Aron Shister was born in 1901 in Bukhara, in the family of a tailor.
The family later moved to Tashkent, where he grew up and went to school.
Shister (who would later change his name to "Arkady Borisov") exhibited leadership qualities from childhood. In 1918, he was one of the founders of the Komsomol in Turkestan (a historical region in Russian Central Asia; present-day Uzbekistan, Turkmenistan, Kyrgyzstan, and Tajikistan).
A year later, having completed secondary school, Arkady joined the Red Army. After successfully passing cavalry command courses, Borisov was appointed squadron commander. He went on to take part in the Civil War in Turkestan, and was awarded two Orders of the Red Banner for his service. In 1924, Borisov graduated from the Red Army Academy, whereupon he became commander of the Turkestan Military District, holding the rank of Deputy Chief of Staff.
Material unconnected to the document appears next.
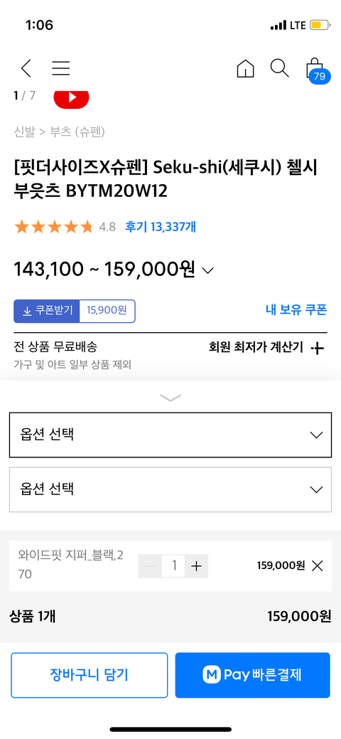 슈펜X핏더사이즈 콜라보 첼시부츠를 구매했습니다. (원가 159,000 블프 특가 89,000)

The aftermath of the Revolution of 1917 saw the emergence of the Basmachi movement in Central Asia. This movement was both military-political and religious in nature, and it fought against the Bolsheviks and the Soviet regime. In the late 1920s, Borisov, as a regimental commander, took part in combat against Basmachi units, and was wounded in action.
Following a successful landing operation in the desert, Arkady Borisov wrote the book The Expedition of a Cavalry Group of the 8th Cavalry Brigade into the Karakum Desert in 1927 (1932), in which he analyzed the anti-Basmachi campaign.
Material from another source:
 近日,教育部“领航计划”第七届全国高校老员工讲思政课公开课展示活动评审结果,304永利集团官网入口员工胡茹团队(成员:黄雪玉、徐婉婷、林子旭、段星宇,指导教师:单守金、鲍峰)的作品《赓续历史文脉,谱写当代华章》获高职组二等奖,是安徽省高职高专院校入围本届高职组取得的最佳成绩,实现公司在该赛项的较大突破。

By the mid-1930s, Borisov served as an administrator in the Red Army. His duties included writing military and scientific papers for the advanced training of the troops, and organizing cavalry regiments.
In 1937, Arkady Borisov was appointed commander of the Budyonny Cossack Regiment. However, he was arrested in 1938, during the "Great Purge".
In late June 1941, following the Nazi invasion of the Soviet Union, the Red Army suffered from an acute shortage of qualified military personnel, since many of the senior cadres had been repressed and executed by that point. Therefore, Arkady Borisov was released from jail, restored in rank, and sent to the front.
He became commander of the cavalry of the Southwestern Front. Borisov specialized in extricating military units from encirclement and making breakthroughs in particularly dangerous sectors of the front line.
As early as November 1941, Borisov was promoted to General Major and awarded his third Order of the Red Banner.
In December 1941, the cavalry corps under Borisov's command took part in the liberation of the cities of Yelets and Yefremov. A month later, his cavalry group liberated another strategically important city in the occupied Barvenkovo Raion (in the Kharkov Oblast).
In late May 1942, Soviet forces fighting on the Southwestern Front sustained heavy casualties. Although Borisov's group was able to penetrate behind German lines, this failed to change the situation. The Soviet troops of this front were encircled, and only 22,000 out of 350,000 soldiers were able to break out. The men of Borisov's group, which stayed in the German rear, were taken prisoner.
On May 27, 1942, Aron Shister was shot by the Germans.